Like Nobody's Watching by L.J. Ritchie

‘When Oscar and his friends hack into the school’s surveillance system, the plan is simple: find the footage, blackmail the bullies, and leave no fingerprints. But the sense of power it brings them is hard to let go …’ – Goodreads.

This novel follows what happens when cameras are installed throughout the buildings and grounds of a Wellington high school to ‘stop bad behaviour’. Oscar and his friends know that there is bullying going unnoticed, so are unsurprised (although disappointed) when they find out that no one is checking the footage. Oscar is an expert hacker, and together he and his friends hack into the security cameras, find footage of the bullies, and email it to them, threatening to turn them in to the staff if the bullying doesn’t stop.

It was just meant to be the one time, but the group decides to keep watching, and blackmails more and more bullies. Eventually the school finds out it was them, and some people decide to get their revenge.
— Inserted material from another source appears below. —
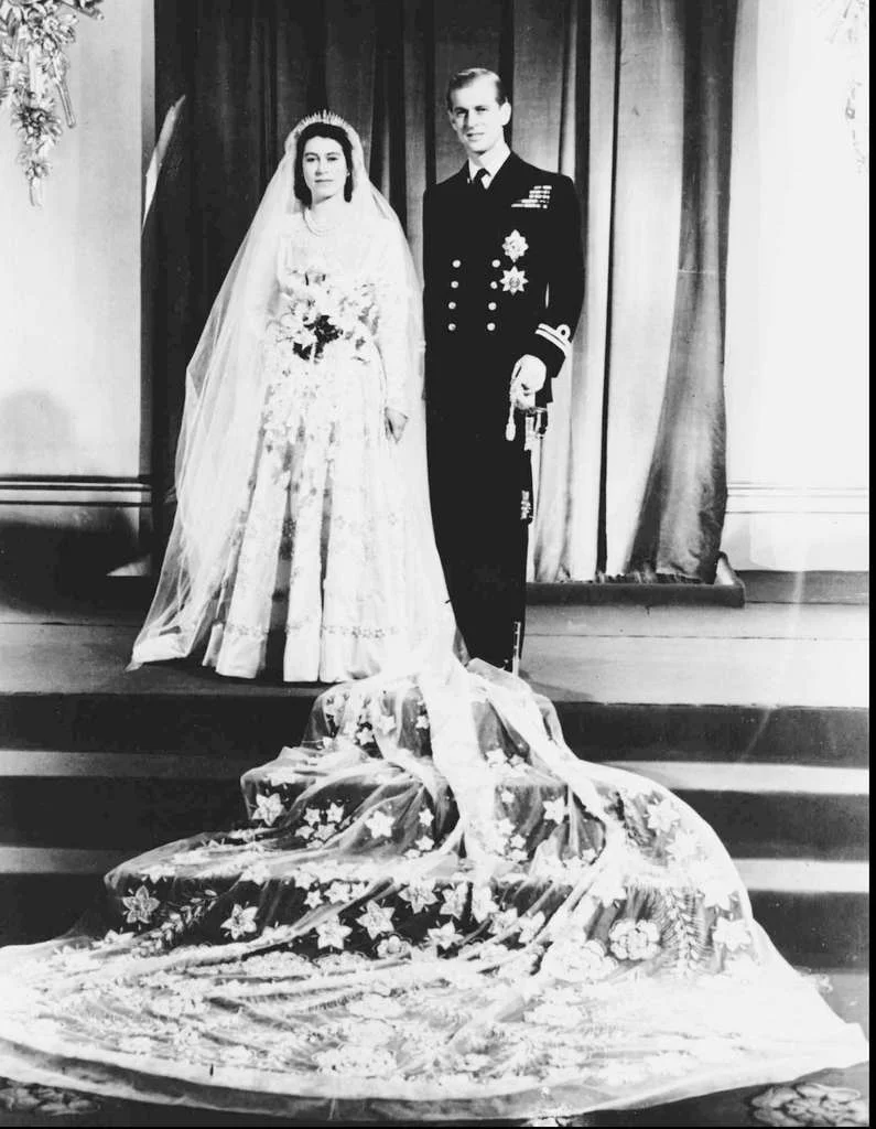 Die Braut schritt am Arm ihres Vaters, des Königs Georg VI., auf hochhackigen Sandalen aus dem gleichen Satin Duchesse durch die Kirche. Am Altar wartete der Bräutigam in seiner dunkelblauen Uniform eines Leutnants der königlich-britischen Marine. Unter den Auszeichnungen für seine Einsätze prangten allerdings nagelneue Orden, die weder seinem Alter noch seinem Rang entsprachen, aber sein Schwiegervater hatte den Bräutigam am Vortag zur königlichen Hoheit und zum Herzog von Edinburgh ernannt. Später kam noch der Titel eines Prinzen dazu.

This was a fast paced story about the dangers of surveillance, especially when it falls into the wrong hands. While the group’s intentions started out good enough, the power quickly became too much. A great first novel by New Zealander L.J. Ritchie, and an exciting read for teens.

Posted by Sas

Catalogue link: Like Nobody's Watching

The Starlings by Vivienne Kelly

It takes quite a talent to sustain humour throughout what is in fact a sad story. In Vivienne Kelly’s novel The Starlings it is the amusing moments that make the pages fly but it is the unfolding narrative of a family coming apart that keeps you riveted to the end.

The story is told in retrospect by successful playwright, Nicholas Starling, recalling what happened to his family when he was eight years old. Nicky is a sensitive boy, who pours his imagination into creating small dramas around his action figures, the hero Zarlok and the evil looking Fleshbane. His mother has read him the stories of Shakespeare and King Arthur and these feed into his plays with humorous effect.

Meanwhile Nicky’s teenage sister is pining for a boy at school and rolling her eyes at every utterance made by their dad. And why wouldn’t she? All he ever talks about is the footy. Nicky does his best not to be a wimp and to feign interest in the high drama of the footy field so as not to annoy his father. Mum sympathises with her son and looks increasingly pained and frustrated.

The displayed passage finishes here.